There were also a few Herring Gulls mixed in too (6) so overall it was the best gull count on this lake thus far for the season! Seriously one of my favorite things to do this season is to count gulls so hoping the numbers continue to build!
Note one of three tagged gulls we saw (too far away for an ID) as well as the Herring Gull to the right of the photo.
After that we headed to St Philips Cemetery to see if we could spot the Great Horned Owl that has been reported there during past winters. We never did see neither the owl nor many other birds as the place was kind of bare as you can see in the picture above.
What we did see though was a Red-tailed Hawk. Photo above is lousy but wanted to include it because of how cool its wings looked coming at us in a head on, going away direction. Almost plank like with a slight upturn toward the hands.
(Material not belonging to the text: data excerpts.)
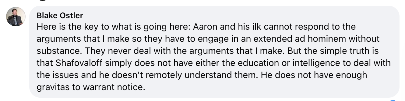 “Here is the key to what is going here: Aaron and his ilk cannot respond to the arguments that I make so they have to engage in an extended ad hominem without substance. They never deal with the arguments that I make. But the simple truth is that Shafovaloff simply does not have either the education or intelligence to deal with the issues and he doesn’t remotely understand them. He does not have enough gravitas to warrant notice.”84
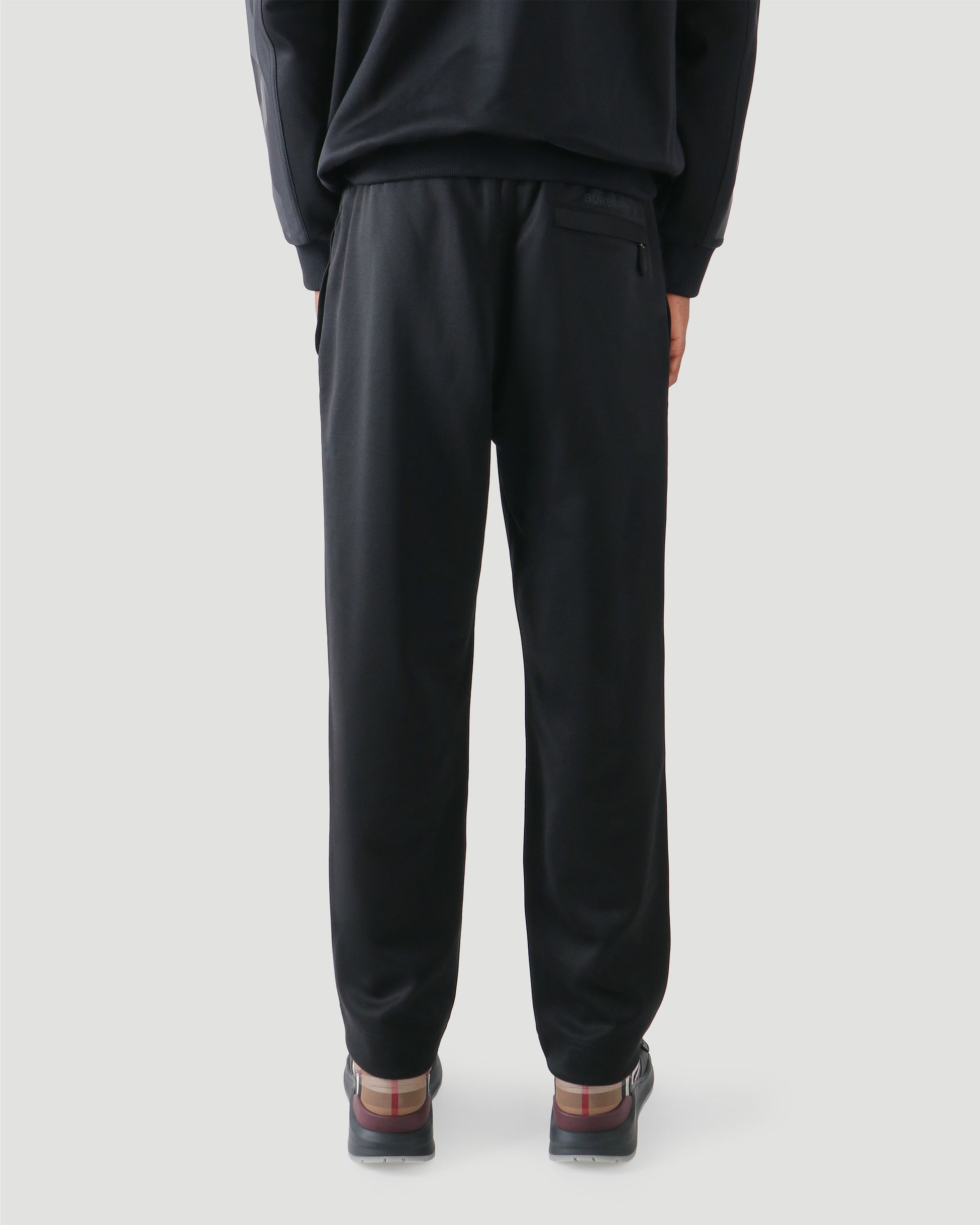 Straight leg jogging trousers in black by Burberry. Made from an Italian-woven cotton blend, they feature a relaxed fit, tagged with a discreet logo at the back zip pocket. Pair with a tonal zip up jacket and a cap for a cool, low-key look.
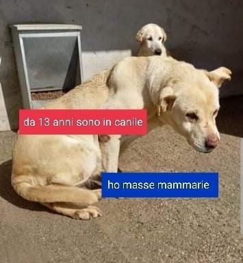 ILARY SIMIL LABRADOR 13 ANNI 25/30 KG TAGLIA GRANDE Ilary è in canile da quando era giovanissima. In quel box che divide con una femmina anziana come lei ci ha passato tutta la vita. Ha delle masse mammarie. Se nessuno chiamerà presto per lei, in quel box dove è cresciuta, dove ha trascorso tutta la sua vita…morirà…in silenzio…da invisibile come è sempre stata. Adozione del cuore prima che sia troppo tardi. Adottabile centro nord Italia. Maria 340-5071137
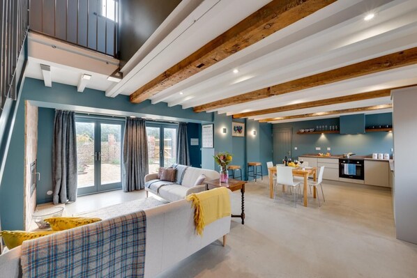 Whisk away your small family or the other half plus one canine companion to this elegant and bright converted 200-year-old barn set on a small farm with characterful original features and a sociable open-plan living area. Meet the farmyard horses, ducks and sheep, and take advantage of the onsite games room and the nearby delights – such as nature reserves, a vineyard, and the historical city of York.

Very cool!
One thing I have noticed about taking photos of Red-tailed Hawks in the winter is just how vivid their colors are when you get them in the sky. They are colorful any month of the year, but winter they just pop to me. I guess it's because of there is not as much color in the winter so I pick up on it more during the colder months.
And of course I saved the best for last!!! Alan and I went to Fort Meadows in Marlbough to search for a Canvasback. The sun was already starting to fade as we looked for a place to park alongside there which was impossible due to guard rails and the heavy traffic. We finally find a place to park and can see tons of Ruddy Ducks all congregated in one area of the pond. We never did see a Canvasback but did see the gorgeous Drake Redhead above who was mixed in with a Greater Scaup and three Bufflehead. LIFER!! Seriously one of the most handsome ducks I have ever seen and my new favorite bird for the month of December!!!
Here he is talking to the Scaup to the left of him! HA. Probably complaining about the weather just as we all are! So cute and a perfect way to end the day as I had a big smile on my face the entire time I watched him.
And lastly a small portion of the Ruddy Ducks we saw as the sun was starting to set. Off to the coast tomorrow for more birds and will report in what I see!

Take care all!

5 comments:

Steve Borichevsky said...

I used to see hundreds of Redheads in Colorado. They are very beautiful ducks, indeed.

madcobug said...

We have a good many of the Mourning doves here and do see the Cedar Waxwing in the late winter and early spring. That red headed duck is beautiful. Great pictures. Helen

Hilke Breder said...

Congrats, Kim. That's a nice shot of the Redhead. What a treat! I have never seen one.

Larry said...

Congratulations on your lifer! I too have noticed how nicely Red-tailed hawks stand out against the pure blue winter sky.I've been writing down the numbers of tagged gulls and plan to report them.They'll probably end up being gulls that were tagged right down the road from me.

Larry said...

You will have to make it down to south Texas in winter sometime and see the multitudes of Redheads that winter there. It is incredible. Such a neat looking duck.